Gregory L. Diskant’s Washington Post op-ed on the Scalia vacancy battle reminds me once again that there are indeed distinct levels of gobsmacking stupidity.
In his op-ed, Diskant—who is a lawyer with distinguished credentials—contends that the Senate can be deemed to have waived its “advice and consent” role on a Supreme Court nomination if it “fails to act” on the nomination within a “reasonable” time—and that President Obama could therefore proceed to appoint Merrick Garland to the Supreme Court without the Senate’s ever having confirmed the Garland nomination . (Or, to be more precise, Diskant, in an apparent effort to preserve his professional credibility, claims that “it is possible to read” the Appointments Clause that way.)
When I ran across his op-ed on Friday evening, I was amazed that the Post would air such a patently stupid argument. Little did I imagine that it would not only publish Diskant’s piece in its Sunday print edition but also feature it front and center, with a large-font headline, on its main op-ed page.
Let’s briefly review the basics of what’s wrong with Diskant’s argument:
1. The Appointments Clause (Art. II, section 2, cl. 2) of the Constitution provides that the president “shall nominate, and by and with the Advice and Consent of the Senate, shall appoint Ambassadors, other public Ministers and Consuls, Judges of the supreme Court, and all other Officers of the United States.”
The Appointments Clause thus restricts the president’s power to appoint officers by conditioning any such appointment on prior receipt of the Senate’s “Advice and Consent” on a nomination.
2. The Appointments Clause clearly implies a power on the part of the Senate to give advice on and, if it chooses to do so, to consent to a nomination, but it says nothing about how the Senate should go about exercising that power. The text of the Constitution thus leaves the Senate free to exercise that power however it sees fit.
3. Throughout American history, the Senate has frequently—surely, thousands of times—exercised its power over nominations by declining to act on them. (The same Appointments Clause applies equally to Supreme Court nominations and other nominations, so any constitutional argument about what that clause means must apply to all nominations.) That’s been true of judicial nominations generally and also of Supreme Court nominations. As law professor Larry Tribe once put it, “The Senate has ways of blocking Supreme Court nominations other than by straightforward rejection in a confirmation vote.” To illustrate the point, he cited an instance in which the Senate “killed” a nomination “by simply refusing to act upon it.”

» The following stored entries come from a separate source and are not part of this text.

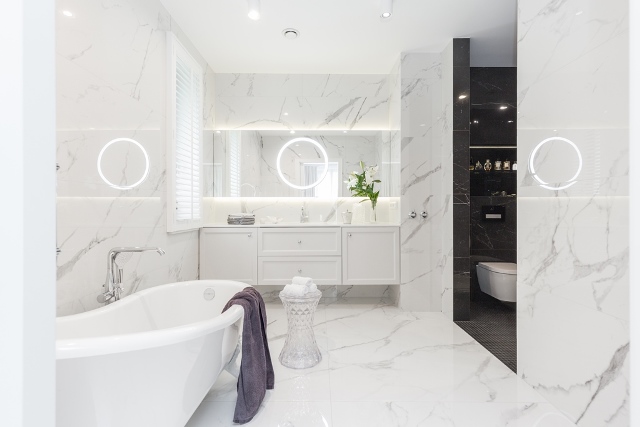 Pokój kąpielowy składa się ze „śnieżnej” części - białej, w której znalazła się zabudowa umywalkowa oraz ogromna wolnostojąca wanna brytyjskiej marki Victoria & Albert oraz z części czarnej, w której znajduje się toaleta, bidet i prysznic.
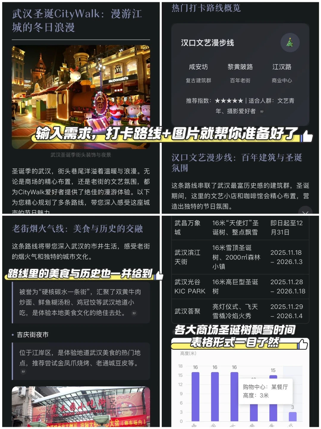 武汉的大街小巷真的很难走!老武汉人都不一定能走全,用灵光可以提前规划好适合的路线,包含吃住行和交通,圣诞氛围感小店都能找到!!
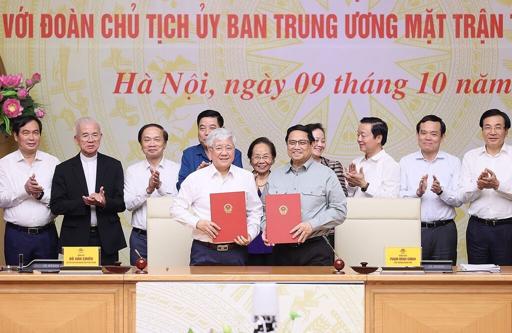 À cette occasion, Pham Minh Chinh et Dô Van Chiên ont signé une résolution conjointe sur la coordination entre le gouvernement et le Présidium du Comité central du Front de la Patrie du Vietnam dans la nouvelle période.
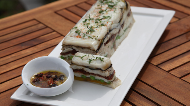 Montez le pressé dans une terrine filmée, en commençant par du poison, puis en alternant les couleurs de légumes (tomates, petits pois, poivron jaune et aubergine). Terminez le pressé par une couche de poisson. Tassez bien la terrine. Laissez prendre au froid le pressé pendant 6 heures minimum. Taillez les olives noires en petits dés, et pressez le citron.
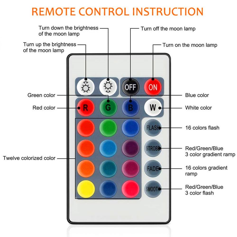 1 x 3D Moon Lamp(built-in battery)(16 colors including remote control)
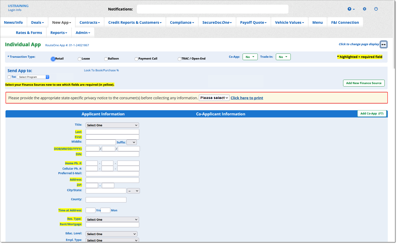 If you are a Digital Retail subscriber, a link to the State-Specific Privacy Notice will appear below form fields for the applicant and co-applicant to review as necessary prior to submitting their personal information.
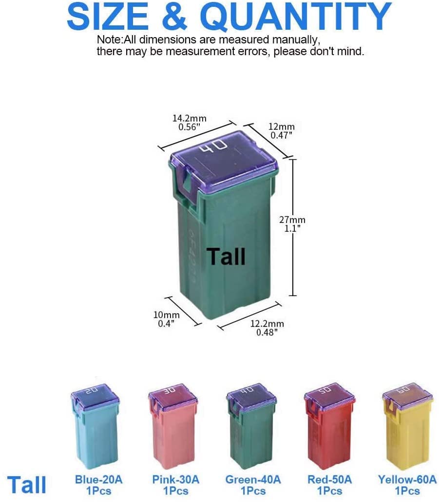 30Pcs Automotive Tall Profile Box Shaped Mini Fuse 20A 30A 40A 50A 60A Fuse Assortment Kit Why choose us: ? These standard fuse are made of premium material, safer than normal fuses. ? Compared with your local automotive store, they are cheaper than factory replacements. ? A perfect solution for your automotive wiring and electrical equipment. ? Protecting your vehicle and electrical devices from a short circuit or overload. Package Include: Tall Profile: Blue 20amp x 6pc pink 30amp x 6pc green 40amp x 6pc red 50amp x 6pc yellow 60amp x 6pc Versatile: widely used on car, truck, SUV, home, boat, camper/RV, ATV, UTV, golf cart, and more electrical devicess. Please attention Don't get caught without the right fuses for your truck or SUV! ?Note?: ? Please check the specific size of the product according to the picture. ? If you have any questions, please feel free to contact us and we will try our best to help you.

4. Thus, the factual premise of Diskant’s waiver argument—that the Senate, by refusing to process the Garland nomination, is “simply fail[ing] to perform its constitutional duty”—is flatly wrong. The Senate is performing its constitutional duty in the manner that it sees fit.
5. Diskant’s waiver argument is also manifestly wrong as a legal matter. Diskant is essentially arguing that the Appointments Clause gives the Senate a veto power that it must exercise affirmatively in order not to waive its ability to block a nominee. Thus, he argues that the Senate does not have the “right to pocket veto the president’s nominations.” But the Framers specifically rejected the veto model (see point 3 here), and the lack of any time frame on the Senate’s power to act simply confirms the broader point that the Constitution leaves the Senate free to act as it chooses.
(I’m not going to bother with Diskant’s further follies, including his extrapolation of a “reasonable” time limit on Senate action and his contemplation of a Supreme Court ruling on whether President Obama’s purported appointment-without-confirmation of Garland would be effective.)